A solution might be a kind of "lazy catalog awareness": Instead of mangling a new object through one or more catalogs when it is created, this object could be added to a list of objects to be cataloged later. This way, the transaction to insert a new object would become much "cheaper". I'm working on this, but right now it is quite messy. (I'm new to Python and Zope, and hence I'm stumbling over a few, hmmm, trip-wires...)
This purpose aligns well with those of the ArmoredCatalog proposal as well.. see http://dev.zope.org/Wikis/DevSite/Proposals/ArmoredCatalog .
But even using such a "lazy catalog awareness", you might get into trouble.
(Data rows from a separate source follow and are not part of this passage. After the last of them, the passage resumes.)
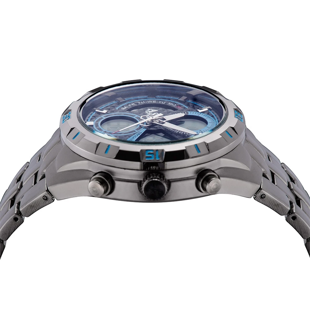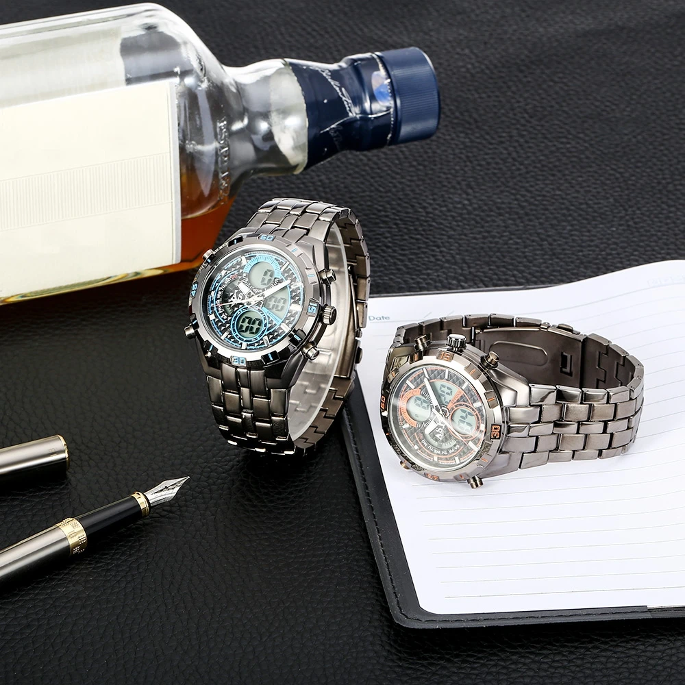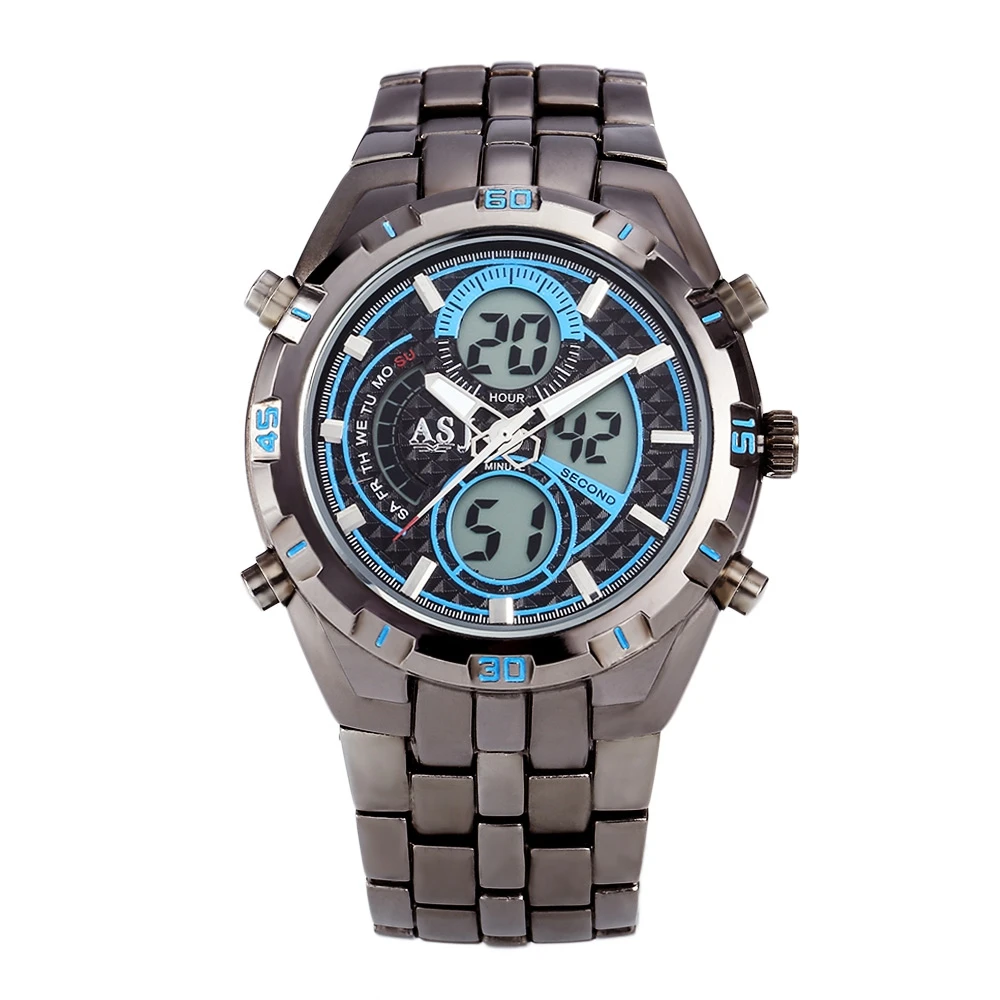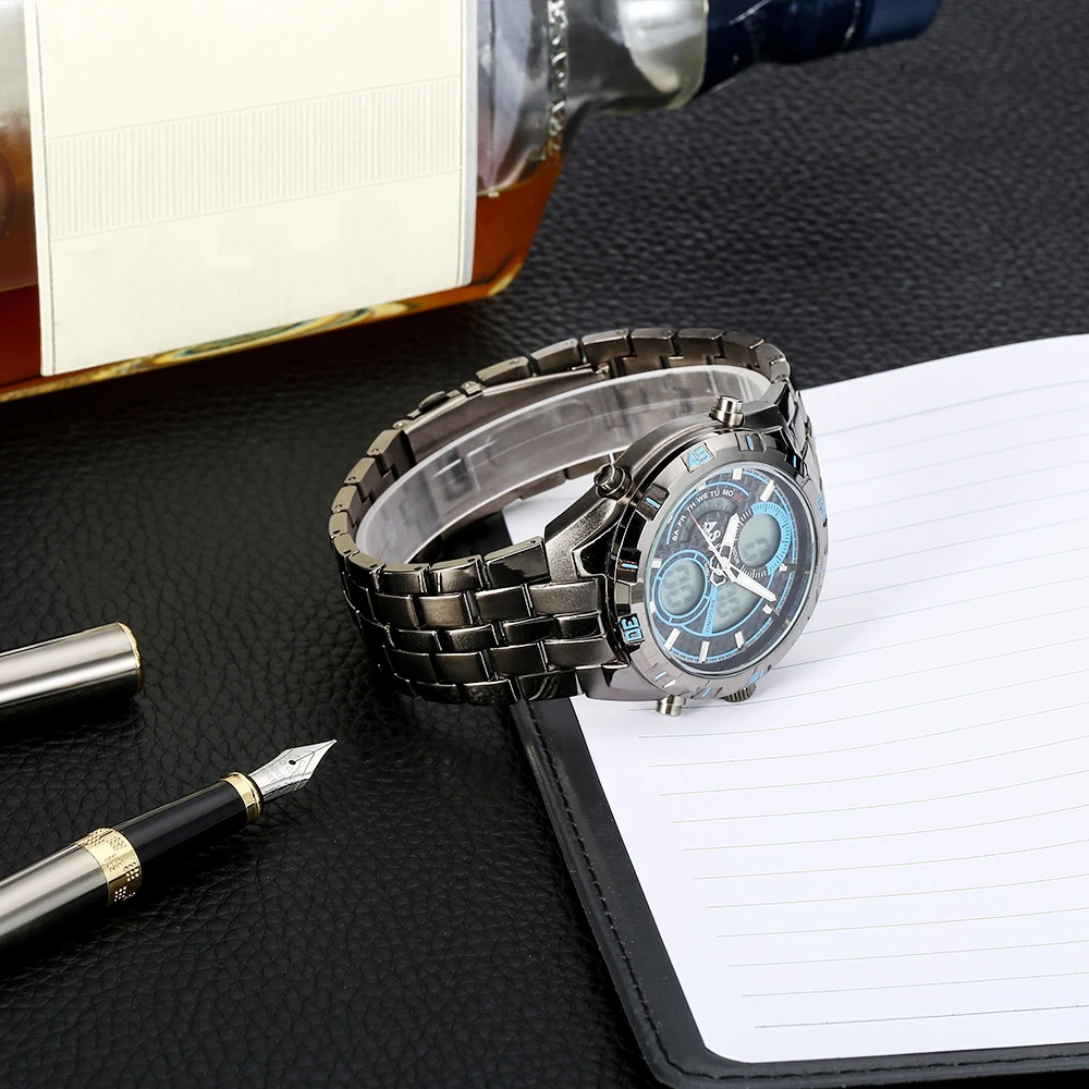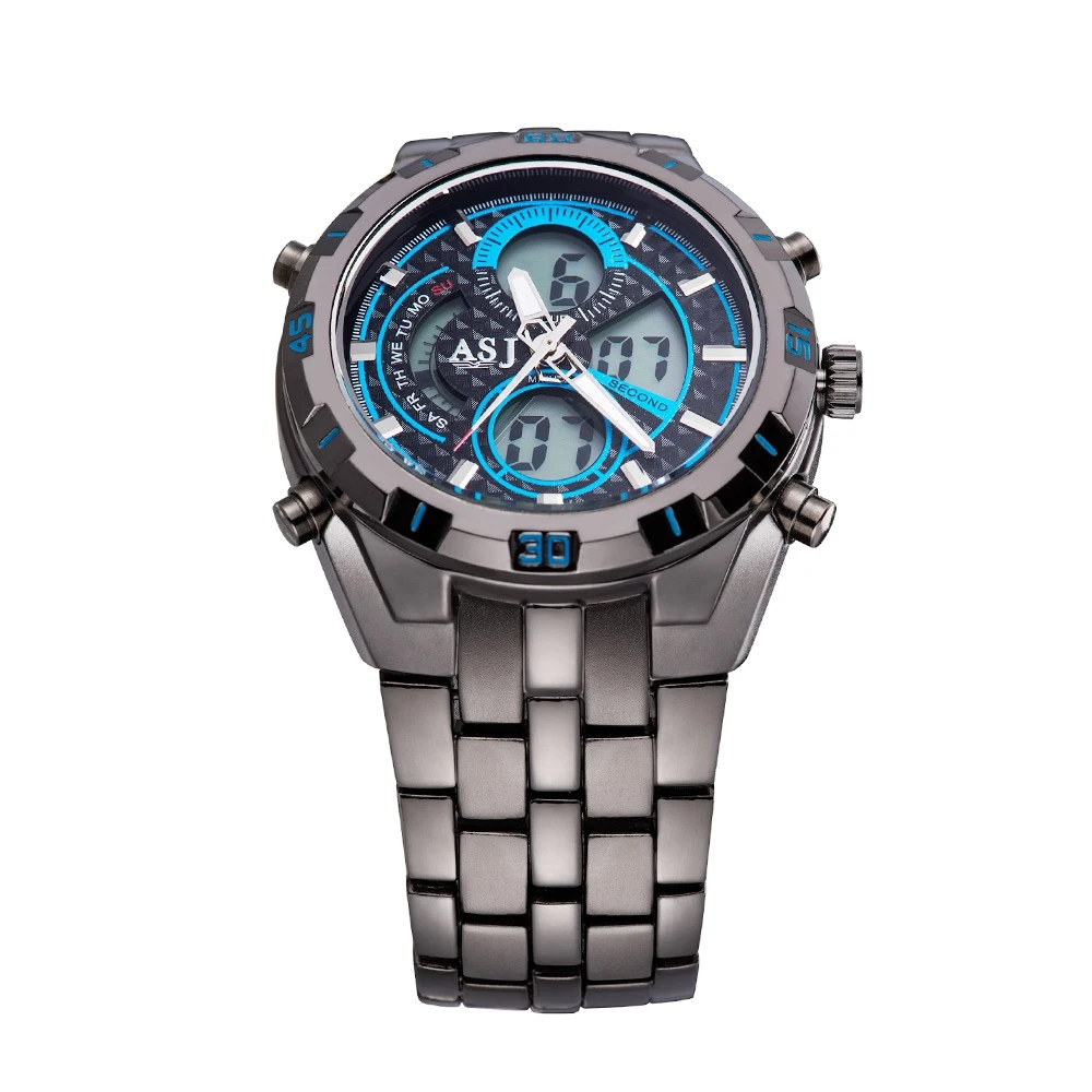 Feature:Water Resistant,LED display,Multiple Time Zone,Auto Date,Back Light,Complete Calendar,Alarm,Chronograph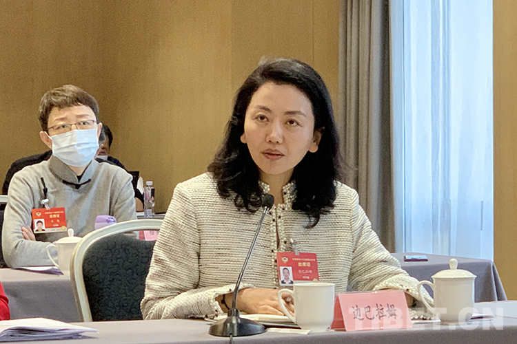 圖為邊巴拉姆做會議發(fā)言
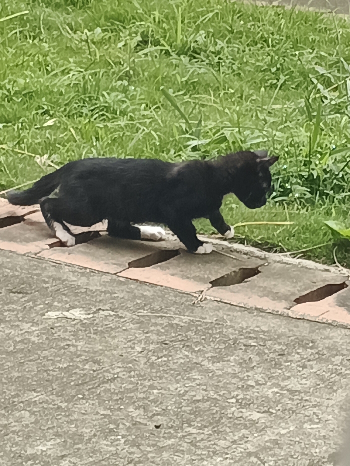 - "A black cat with white paws walks along a cracked brick edge bordering a concrete surface and grassy area" by FM-n8S452, licensed under CC BY 4.0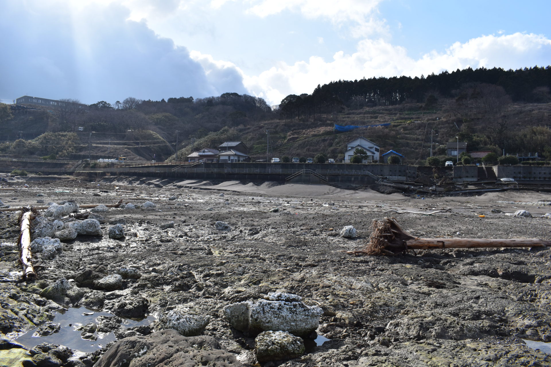 | 説明 | 隆起した岩礁より南側を撮影。大きな流木が複数みられる |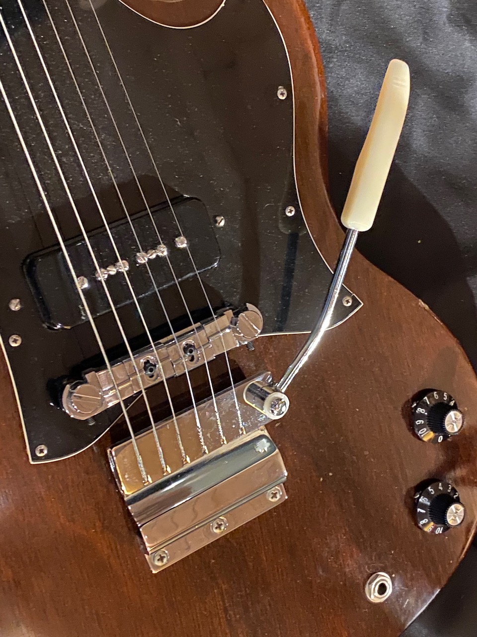 The Gibson SG Junior is a solid-bodied electric guitar manufactured by Gibson from the early 1960s to the early 1970s. Like its earlier sister, the Gibson Les Paul Junior, it had been created for sale at a lower price. It is known for its single P-90 treble pickup, and the single piece 'wrap-around' bridge instead of the two-piece “tune-o-matic” bridge and tails-stop arrangement found on the SG Standard. From 1961 to 1963, it was branded with the "Les Paul Junior" name. In 1963, "Les Paul" was removed from the headstock and it was officially called the SG Junior. From 1966 to 1971, it had a generic SG pickguard with a soapbar P90 rather than the original dog-ear. It was discontinued in 1971. The late 1960s version was re-issued by Gibson between 1999 and 2001. Between 2011 and 2015 Gibson rereleased a Junior which more closely resembled its early 1960s incarnation.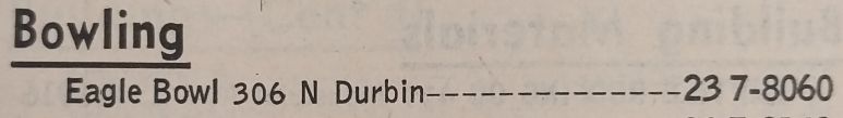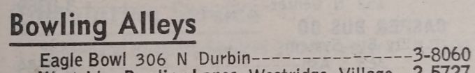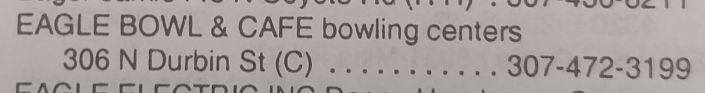 In 1956, the 8th Annual Wyoming Men's State Bowling Tournament was held here.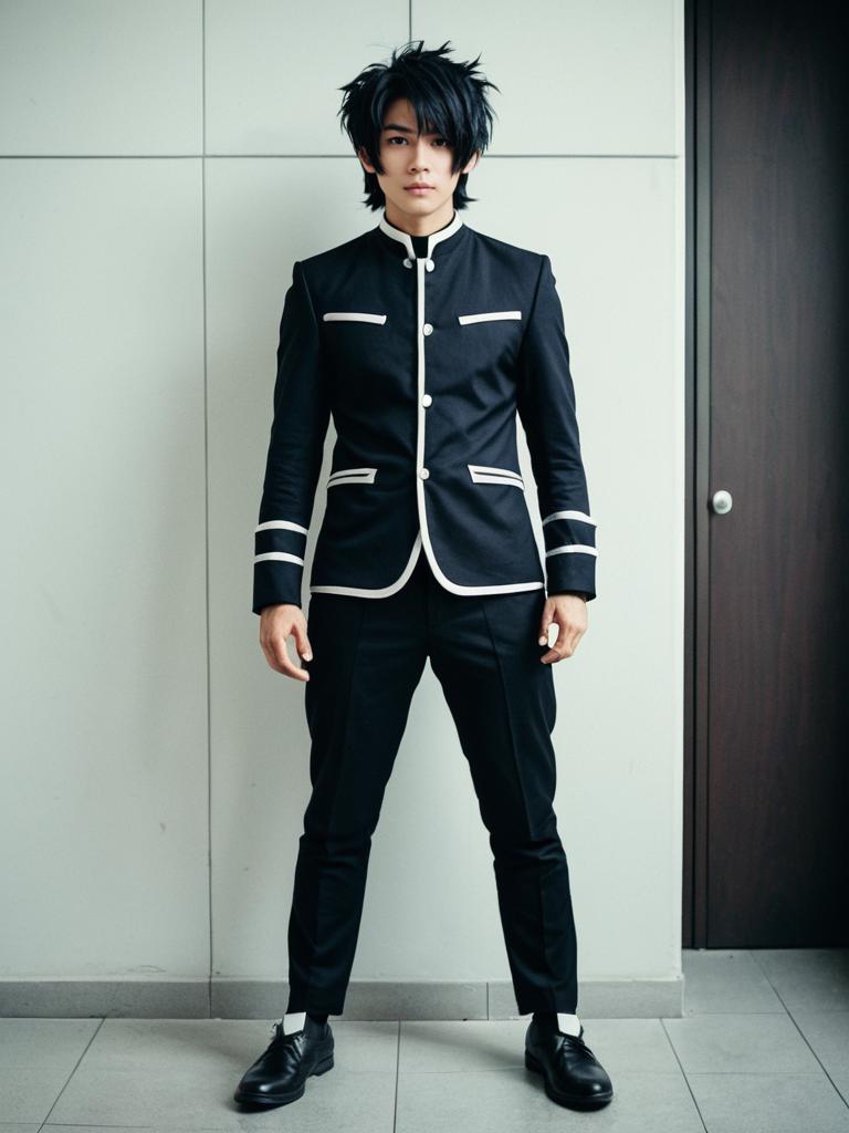 Man in Edgar Cut Hairstyle costume, full-body cosplay photo, photorealistic style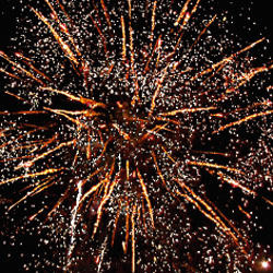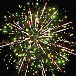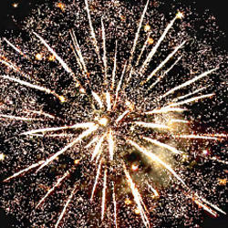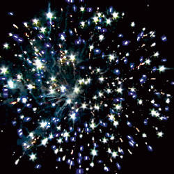 Множество серебряных ниспадающих нитей и облако треска. Комета с серебряным хвостом разрывается цветной мерцающей сферой.

Using the ZCatalog's "find objects" function, I hit the limits of my Linux box: 640 MB RAM were not enough...
This should not happen. :-( I'm really disappointed that the bloat and memory consumption issues are still plaguing the ZCatalog. At one point, I really thought we had it pretty much licked. I suppose this was naive.
A few weeks ago, I've posted this (admittedly not fully cooked) patch to this list, but did not get yet any response.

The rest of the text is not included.